Dora Vivacqua, mais conhecida como Luz del Fuego, foi uma mulher “fora da curva”. Para compreendermos melhor esta expressão, precisamos fazer uma breve contextualização da época e da sociedade na qual viveu Luz.

 

Nascida em Cachoreira de Itapemimrin, no ano de 1917, Dora se criou em uma sociedade na qual as mulheres, em sua maioria, estavam submetidas aos desejos dos homens (belas, recatadas e do lar). O pudor era um sentimento profundamente introjetado no feminino, atitude muito valorizada pelos homens nas mulheres que, não raramente, tinham como projeto de vida encontrar um bom casamento. Segundo Mary del Priori (s/d) “na prática, a moralidade favorecia as experiências sexuais masculinas enquanto procurava restringir a sexualidade feminina aos parâmetros do casamento convencional.”

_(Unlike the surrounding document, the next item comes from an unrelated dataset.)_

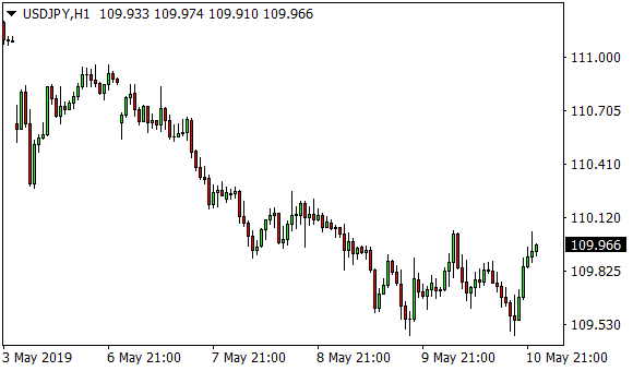 Vývoj měnového páru USD/JPY (1hodinový graf – H1):

Vivia-se uma dupla moral, de um lado a repressão social da expressão da sexualidade, especialmente sobre as mulheres, que sofriam forte controle sobre seus corpos, em especial no que dizia respeito à nudez e ao sexo, tidos como indecentes e pecaminosos. Por outro lado, a tolerância de uma “moral masculina” que naturalizava experiências extraconjugais dos homens como uma “necessidade” destes.  Segundo Schuma

Schumaher, citada por Nunes (2019), “Luz del Fuego viveu quando as mulheres não eram ainda cidadãs”, sem direitos políticos e sem voz, uma sociedade na qual os homens eram praticamente os únicos protagonistas.

 

Dora se recusou a aceitar os papéis que eram impostos às mulheres, de esposa e mãe. Assumiu uma moral própria, na qual o corpo, a nudez, a sexualidade eram experienciadas sem culpa, um escândalo para a época. Indo além, tentou criar um partido político, defendeu o aborto, divórcio, era também preocupada com questões ambientais e sociais (“mais pão e menos roupa”). De acordo com Sombini (2023), “São muitas as possibilidades para se referir a ela - em comum, todas parecem estar à frente do tempo em que Luz del Fuego viveu”.

 

Sem dúvida, o modo como lidava com a nudez, numa época fortemente marcada pelo pudor, notadamente o feminino, fez de Luz o centro de inúmeras polêmicas que mobilizavam a sociedade. Criticada, odiada, invejada, objeto do desejo de inúmeros homens (e mulheres), fazia do seu corpo nu o instrumento político para questionar a hipocrisia social, em especial da alta sociedade, da qual era originária.

 

A nudez para Luz não era meramente um recurso de resistência à moral vigente, mas estava entranhada no seu ser. Segundo Enchioglo (2022), “desde a infância, já se mostrava uma mulher diferente – algo que costumava assustar as pessoas.” Não gostava de usar sutiã, e antes da invenção do biquíni, frequentava a praia usando duas peças de roupa, a calcinha e um top feito de lenços. (Nunes, 2019). Considerada a primeira artista, no Brasil, a se apresentar nua, sendo presa diversas vezes acusada de atentar contra a moral e os bons costumes.(Nunes, 2019). Gostava de estar nua, era como se sentia bem, para tanto fundou a Ilha do Sol, onde o uso de roupas era proibido. Sua nudez não era uma simples performance, era um modo de viver.

 

Luz adotou o naturismo como sua bandeira política. Considerada a fundadora do Naturismo no Brasil, historicamente talvez seja a única mulher do mundo a ter fundado o Movimento Naturista em seu país, um ato de extrema ousadia, tendo em vista que, desde os seus primórdios, a liderança do Movimento no mundo coube aos homens. Ocupar tal posição, implicava em um duplo movimento para Dora, pois ao mesmo tempo em que ao se despir ia de encontro aos desejos masculinos, mas não sem tirar vantagens disso; por outro lado, incomodava-os imensamente, tendo em vista que com tal atitude, desafiava-os, na medida em que não se submetia ao lugar que lhe era reservado na sociedade enquanto mulher. E também, porque corria o risco de influenciar outras mulheres (de família), que deviam permanecer castas e obedientes.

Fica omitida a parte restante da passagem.